James R. Macdonald Laboratory
Kansas State University
Manhattan, KS 66506-2604

 
Tandem Operations

This report covers a period from October 2004 through October 2005 for the James R. Macdonald laboratory at Kansas State University. The EN tandem Van de Graaff accelerator has operated extremely well throughout this reporting period.

There have been four tandem openings in the period covered by this report to do upgrades and modifications in the tandem for research with the titanium sapphire laser, referred to internally as the picopulse project. The first opening in October of 2004 was to install a focusing mirror system at the entrance of tube number three. The second opening in January 2005 was scheduled to change the terminal stripper gas from nitrogen to neon. The third opening in February 2005 was scheduled to change the picopulse mirror from a 25cm focal length to 50cm. The forth opening was a major modification to the tandem with the change of the number three acceleration tube. In 1990 we installed the new Dowlish titanium spiral inclined field tubes and had great tandem operation and performance. Because of the picopulse project, the third acceleration tube was replaced with one of our old aluminum inclined field tubes removed from operation in 1990 with a total of 15023.0 hrs. of operation. This old number one inclined field tube was chosen because the first twenty electrodes are not inclined, but straight, a requirement for the optics of the picopulse project. This number one aluminum inclined field tube was installed 180 degrees opposite its original installation, entrance and exit of the tube remaining the same. This orientation of the third acceleration tube was based on a beam optics calculation done by Vince Needham using Simion (Kevin Carnes presented a paper on this project at the meeting, which is available in Word or Acrobat formats). To date the beam performance (transmission) has not changed a great deal but conditioning the tandem is quite different, much like it was in the old days before the installation of the Dowlish tubes. The tandem does not hold its conditioning as well as it did with the third tube being the Dowlish titanium tube, which is understandable. The tandem terminal voltage has declined. What once was a 6.5 to 7.4 MV tandem has declined to a 6.0 MV tandem.

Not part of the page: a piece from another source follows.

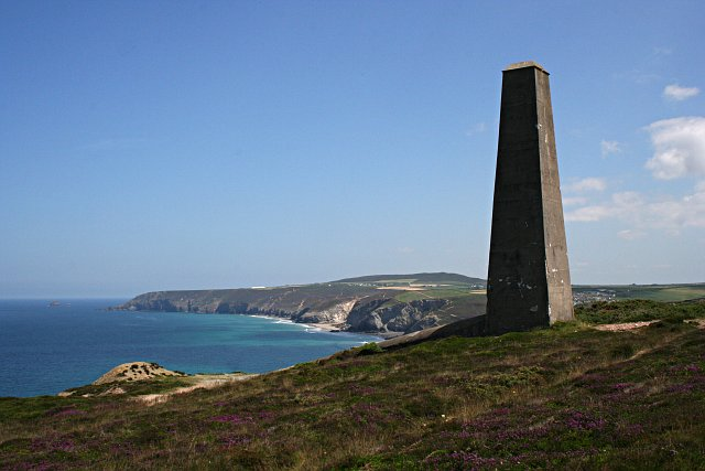 Clifftop Tower. I do not know the purpose of this unadorned tower. If it were a daymark for sailors I would have expected it to be painted white. In the 19th century this area of the cliff was heavily mined and the chimneys of mine engine houses would have been prominent landmarks from sea. It is possible that the tower was built to replace those, although this is just an idea. In the distance can be seen St Agnes Head and Beacon. Another contributor has added the following comments "This is a chimney. The long flue can be seen entering the base from the left. Arsenic deposits were removed from the inside of the flue".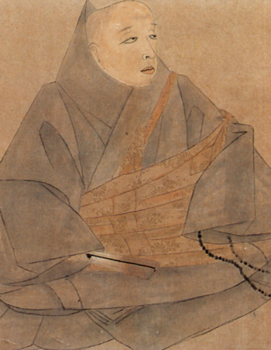 Detail of a Portrait of Emperor Hanazono (see other versions).

During this reporting period the tandem logged 945.0 hours of actual beam time operation. The amount of down time has been approximately 640 hours.

Ion Sources

The EN tandem Van de Graaff accelerator is injected by two different ion sources, the Middleton high intensity sputter source and the diode ion source. The diode ion source is used to produce hydrogen. The Middleton high intensity sputter source is again the workhorse in the laboratory, used to produce beams of boron, carbon, fluorine, magnesium, silicon, chlorine, copper, iodine and oxygen.

Laboratory Operations

With the construction in 2001 of the Kansas Light Source, an ultrafast titanium sapphire laser facility, the James R. Macdonald laboratory has gradually shifted its emphasis away from ion-collision atomic physics toward intense laser-matter interactions. As a result, the EN Tandem is used by only 1-2 groups for ion collisions research. At the same time, however, there has been an increased interest from groups outside the laboratory in using the tandem as a source of fast protons for various applied purposes. We have used a 10 MeV proton beam to help the KSU High Energy Physics group test the radiation hardness of silicon strip detectors used in ongoing research at FermiLab and in preparation for experiments at the CERN LHC. We have also done proton activation analysis for two different groups outside of the university. The picopulse project mentioned above currently accounts for the majority of tandem use as we attempt to combine our accelerator and laser expertise in developing a somewhat unique source of pulsed ions.

Technical Support Staff

  • Mike Wells
  • Alan Rankin
  • Vince Needham
  • Scott Chainey
  • Robert Krause

Acknowledgment

This work was supported by the Division of Chemical Sciences, Office of Basic Energy Sciences, Office of Energy Research, U.S. Department of Energy.